Sports Reporter: Career and Salary Facts
Find out about the skills needed by sports reporters and the educational options that can help you acquire those skills. Get information about the median salary for these reporters, as well as salary ranges by employer.
What Is a Sports Reporter?
Sports reporters specialize in informing the public about various sporting events and related news. They may report on events at the local, national or even global scales. Sports reporters can work for a variety of media outlets, including television, newspapers, radio and more. These professionals may attend sporting events and interview players, coaches or fans to report on a particular topic. They also develop relationships with various experts and contacts in the field. In today's world, many sports reporters utilize social media to cover events and engage with their audience.

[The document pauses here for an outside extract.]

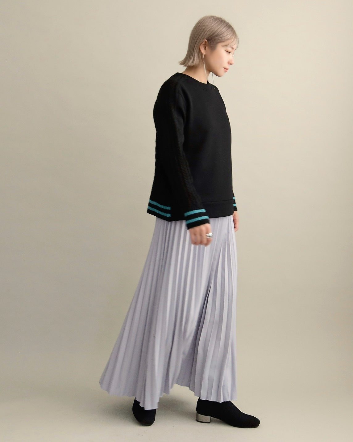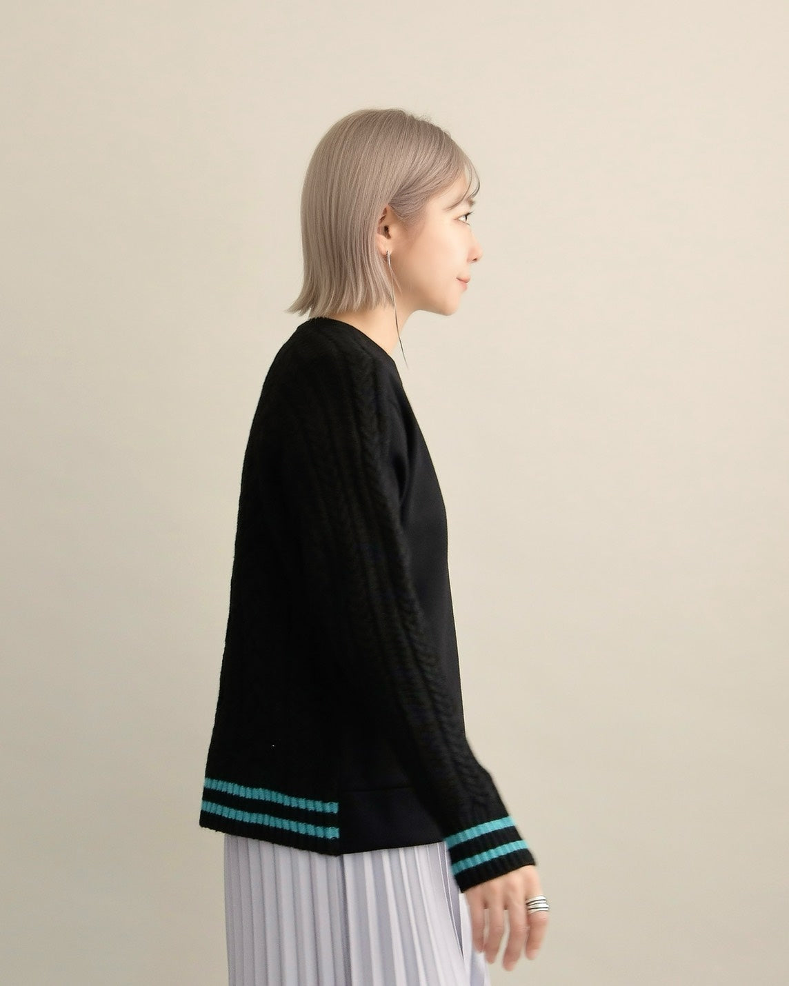 袖口のライン配色がさりげないアクセントとなり、カジュアルすぎない“大人の遊び心”をプラス。

What Education Do I Need to Be a Sports Reporter?
Numerous colleges and universities offer undergraduate and graduate degree programs in journalism and communications, which can prepare you for a career as a sports reporter. Some programs feature concentrations or emphases in specifically sports journalism. Some schools may even offer online programs, allowing you to complete courses and earn your degree on your own schedule.
Within these bachelor's and master's degree programs, you'll perfect your reporting, writing and broadcasting skills. Certain institutions may allow you to tailor your studies to the journalistic medium you're interested in working in, such as broadcast versus print. Courses may cover media law and ethics, public affairs reporting, sports communication and sport psychology. You may also obtain hands-on training through journalism-based internships, which you can pursue during school and after graduation. Sometimes these internships can turn into entry-level job opportunities.
What Skills Do I Need?
To be an effective sports reporter, you must have strong general knowledge about every sport and be able to work under pressure to fulfill deadlines. Employers may ask you to generate your own stories, which may include arranging interviews, writing stories and editing videotape, the latter being the case if you're in broadcasting. You must have strong communication skills and be able to forge relationships with coaches and players. You may also be called upon to work late hours and have irregular schedules, since many sporting events take place in the evening.
What Salary Could I Earn?
Compensation for all news analysts, correspondents and reporters may vary across the country, but the U.S. Bureau of Labor Statistics (BLS) reported in 2018 that the median annual salary among all these individuals was $41,260 (www.bls.gov). Reporters and correspondents for newspapers earned an average salary of $46,550, while those who performed radio or television broadcasting earned $64,820.
Additionally, according to the online salary database PayScale.com, the middle 50% of sports reporters earned $25,000-$71,000 as of November 2019. However, according to the BLS, competition is projected to be fierce for available jobs, and it may be difficult to find work at a newspaper or broadcast station in a large metropolitan area. You may have better chances in smaller towns or with online publications.
What Are Some Related Alternative Careers?
A few alternative career options include editors, writers and authors and announcers. All of these positions typically require at least a bachelor's degree. Editors are the professionals who proofread, correct and approve a writer's written content before publication. They may edit books, magazines, newspapers and more. Writers and authors create the written content for things like books, blogs, songs, advertisements and more. Announcers may report on sporting events, but they also provide listeners with news, music, interviews and more.